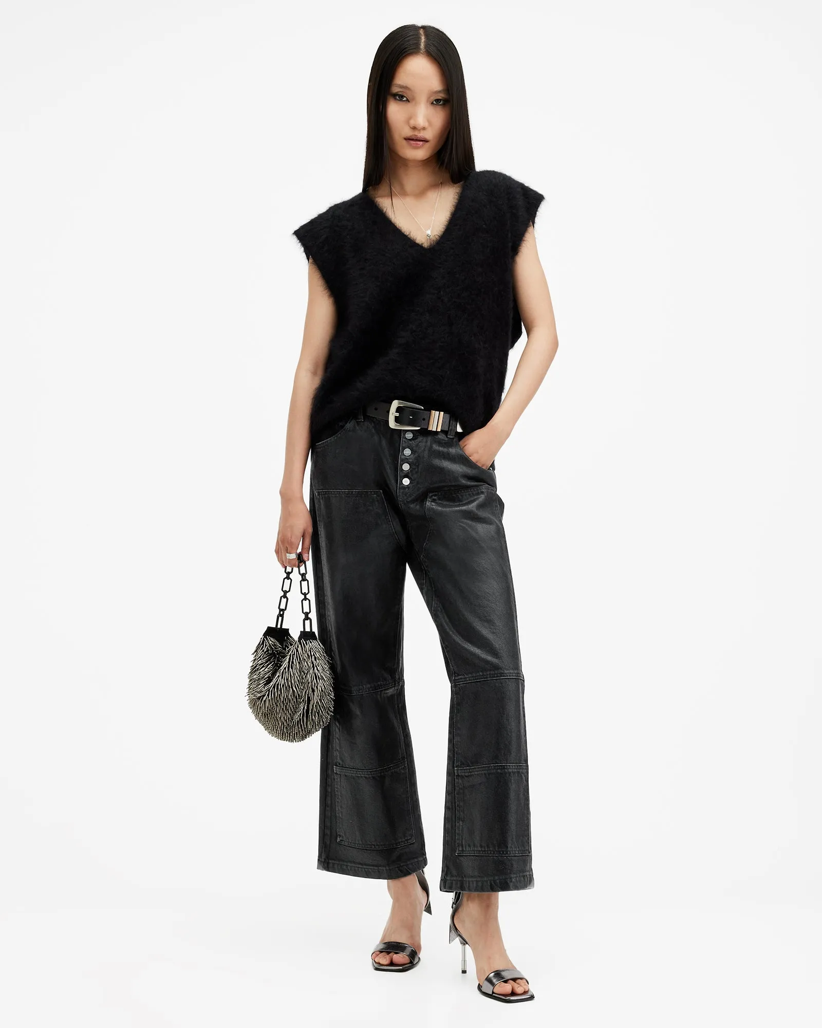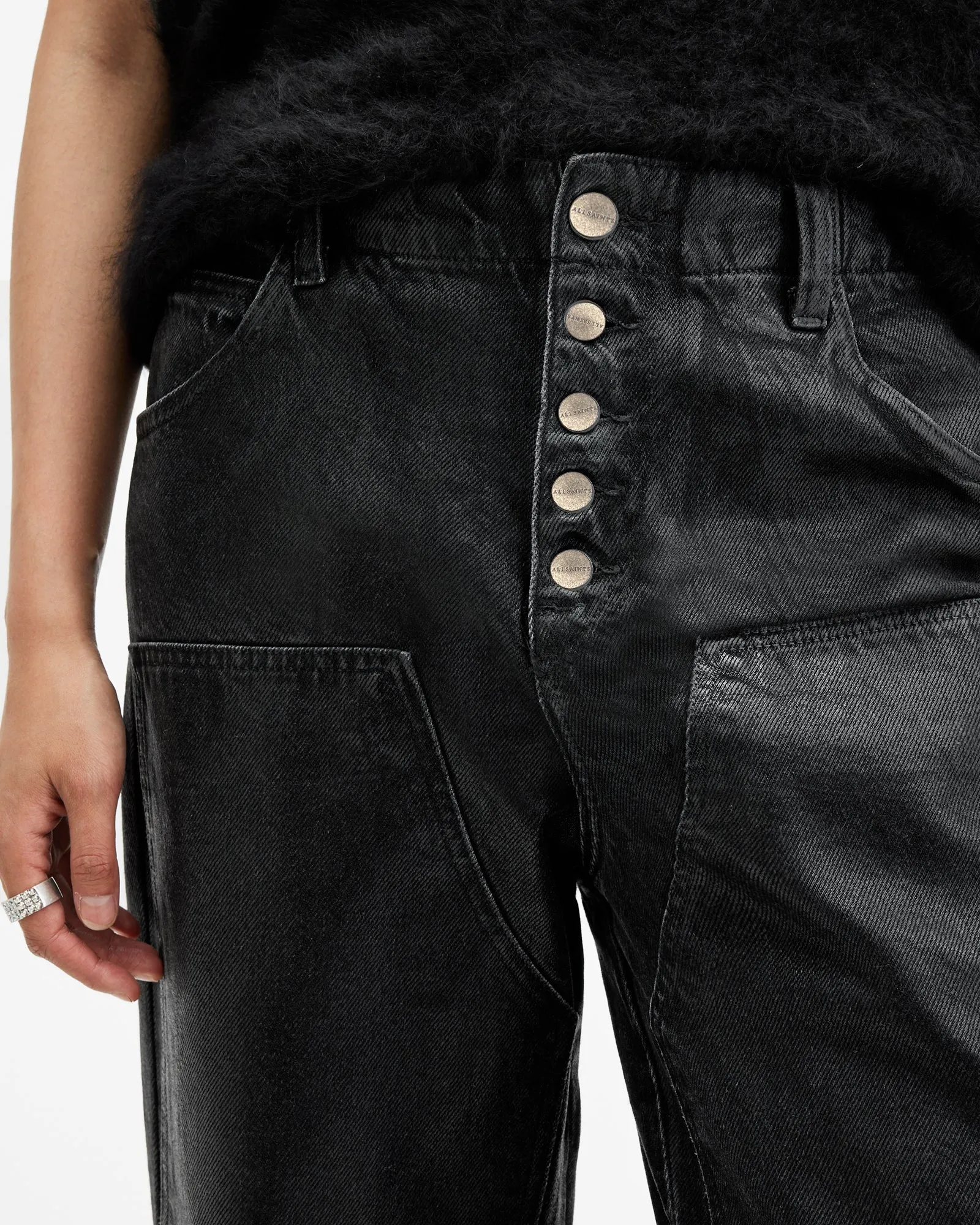 These ones are pretty cool. Introducing the Tay Carpenter Jeans. A new wide-leg style with a slight crop, they feature unique carpenter seam detailing and an exposed button fly. They're crafted from organic cotton that's been coated, sitting mid-rise and with a classic five-pocket construction. Tuck in a tee and throw on an oversized leather jacket, it's an effortless combination.
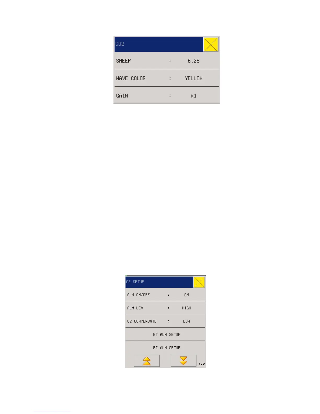 Gain: ×1, ×2, or ×4, to adjust the wave amplitude of the CO2 waveform.
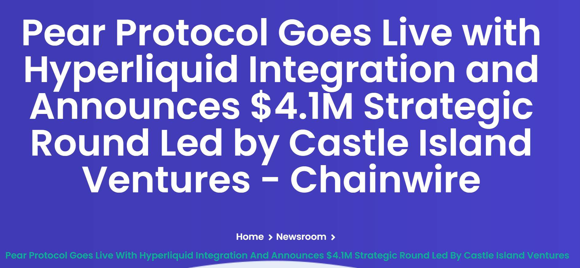 - 交易平台 Pear Protocol 完成 410 万美元战略融资,Castle Island Ventures 领投
####################
Activity
Restate the entire listing word for word, excluding pictures.

Problem solution
 These ones are pretty cool. Introducing the Tay Carpenter Jeans. A new wide-leg style with a slight crop, they feature unique carpenter seam detailing and an exposed button fly. They're crafted from organic cotton that's been coated, sitting mid-rise and with a classic five-pocket construction. Tuck in a tee and throw on an oversized leather jacket, it's an effortless combination.
 Gain: ×1, ×2, or ×4, to adjust the wave amplitude of the CO2 waveform.
 - 交易平台 Pear Protocol 完成 410 万美元战略融资,Castle Island Ventures 领投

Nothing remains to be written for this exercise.